Ronnie Hawkins - Bo Diddley / Who Do You Love - 7

Bo Diddley / Who Do You Love - 7"
Roulette - 1963


Michael Panontin
If you were young and living in Ontario's largest city in the 1960s, you would have been comatose not to have heard the words 'Toronto Sound'.

The Toronto Sound was more of a spirit than an actual genre, and the groups involved were all over the map, playing anything from guitar-heavy, Hammond B3-laden R&B to sweaty soul to mop-headed garage rock. But its roots lay in that driving Bo Diddley beat, and for that Canada can probably thank Ronnie Hawkins.

The Arkansas-born singer cut his teeth playing rockabilly in the crusty clubs around Memphis. But it was in 1958 that he and his band, which included a very young Levon Helm, got a call from Conway Twitty advising them to venture north of the border.

Most Canadians at the time were into jazz or country music. So when this fast-talking dynamo with a southern drawl showed up playing hopped-up hillbilly music, people took notice. "On the first night there were three people in the club," Hawkins would tell Hit Parader in 1969. "[But] Friday we were nearly full and the same Saturday. So the owner gave us another week. The crowd on Monday beat Saturday and by Wednesday they were lined up outside the club."

Hawkins, who had not yet charted a single record, was equally in thrall to Canada, especially the hopping, neon-lit scene on Toronto's Yonge Street. He returned and eventually decided to make it his new home. In 1963, as the unofficial 'mayor of Yonge Street', he opened up his own club, the Hawk's Nest, above the Le Coq d'Or near Yonge and Dundas. He had also assembled a talented group of backing musicians called the Hawks that included Helm, Robbie Robertson, Rick Danko, Richard Manuel and Garth Hudson.

Hawkins had issued a number of singles for Morris Levy's Roulette label but was never what you would call successful. "I'm the only cat in the industry who's put out one million records and sold one copy each," he once joked. His highest-charting record in the US was a modest #26 placing for his 1959 cover of 'Mary Lou'.

He was known as much for his tall tales as for his witty anecdotes and once claimed to have picked cotton with a young Elias McDaniel. With Hawkins' passing in 2022, the truth will probably never be known. But his debt to McDaniel, a.k.a. Bo Diddley, specifically that signature five-accent hambone rhythm, is without question. Hawkins' first release in fact was a raucous, lo-fi rendition of 'Hey! Bo Diddley' in the late-fifties. That recording was raw as hell, but failed to chart. And so by early '63, it was time to bring out the big guns.

Hawkins went down to NYC in February of that year, and he brought along with him the tightest band in all of Toronto, the product of many nights spent rehearsing until 4 AM. He and the Hawks (without Hudson on this trip) recorded a couple of Bo Diddley standards, his eponymous 1955 R&B #1, 'Bo Diddley', and the oft-covered 'Who Do You Love' from the following year.
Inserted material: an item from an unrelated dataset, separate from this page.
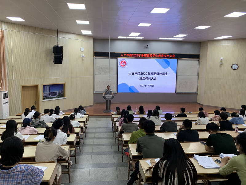 暑期留校园,安全记心间。6月21日下午,人文学院在2J报告厅召开2022年暑期留校生教育安全大会。人文学院党委书记邓英扣、党委副书记金艾裙、团委书记、学院辅导员老师出席此次会议,暑期留校学生109人参加此次会议,会议由金艾裙主持。
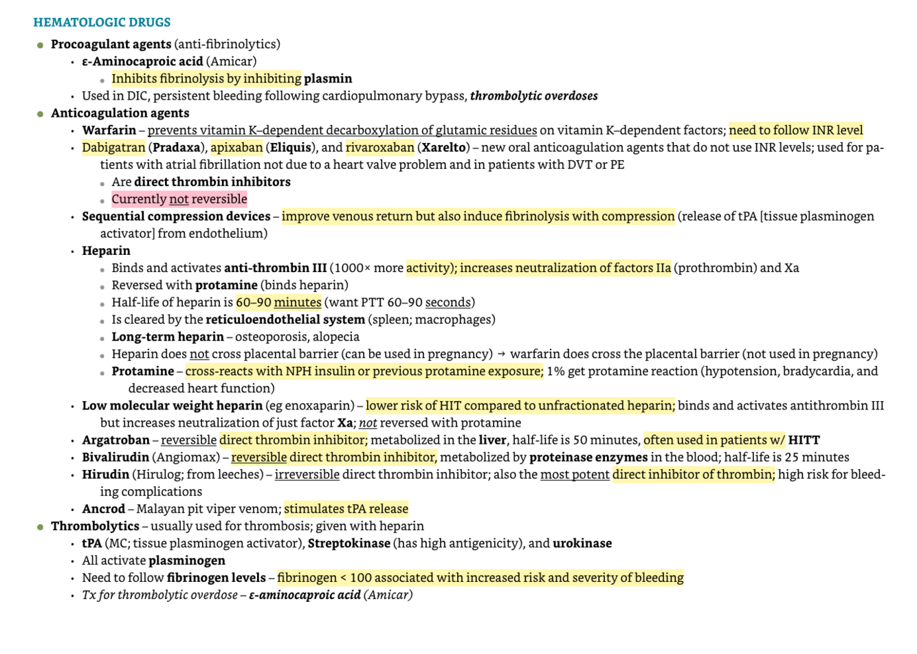 What are the procoagulant - anticoagulant - thrombolytic agents?

The result was a double-sided desert island disc if ever there was one.

'Bo Diddley' only bubbled under in the US, limping to an underwhelming #117 on the Billboard charts. But up here in Hawkins' adopted home, it sold well, cracking the top ten. Hawkins' interpretation betrayed strong country influences, especially with Manuel's honky tonk piano wafting in and out of the mix, and perhaps that is why it managed to lasso Canadian audiences so well. Helm and Danko's driving locomotive beat is superb and Hawkins' vocal, at times just a high-pitched wail, never sounded so potent. Equally great is 'Who Do You Love' over on the back side. It was a staple in Hawkins' live performances for years, but Robertson's razor-sharp guitar licks make this one of the definitive versions of the song.
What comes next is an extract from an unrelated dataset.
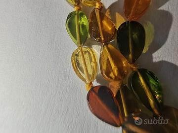 Collana in Oro Giallo 18kt (750) con Ambra Baltica Multicolore a Goccia Materiale: Oro giallo 18 carati (punzone 750 presente sulla chiusura). Pietre: Ambra Baltica naturale al 100%. Taglio: Gocce sfaccettate (Briolette). Colori: Multicolore (Cognac, Miele, Ciliegia). Peso: 12 grammi Lunghezza totale: circa 44-45 cm. Condizioni: Ottime

The Hawks parted ways with Hawkins the following year. While their trajectory was pointed firmly to the stratosphere - they would accompany Dylan on his '65/'66 world tour and then achieve their own international success as the Band - Hawkins' career was considerably less impressive. He continued to release records well into the seventies, including a decent brass and gospel-infused reworking of 'Bo Diddley' in 1973, but there were few hits.

Hawkins once claimed - in the late sixties no less - that "I have never in my life picked up a Beatle album, and listened to it. Never". It was no doubt his usual hyperbole, but it probably helped explain how such a talented rocker could become so irrelevant. In 1976, he was invited on stage to sing 'Who Do You Love' with his erstwhile bandmates in Martin Scorcese's The Last Waltz. He nailed it of course, but the irony of having to play third fiddle to his one-time proteges must have been a bitter pill to swallow. Still, when Hawkins passed away, he was honoured, to quote journalist Eric Alper - without hyperbole - as "the single most important rock 'n' roller in the history of Canada".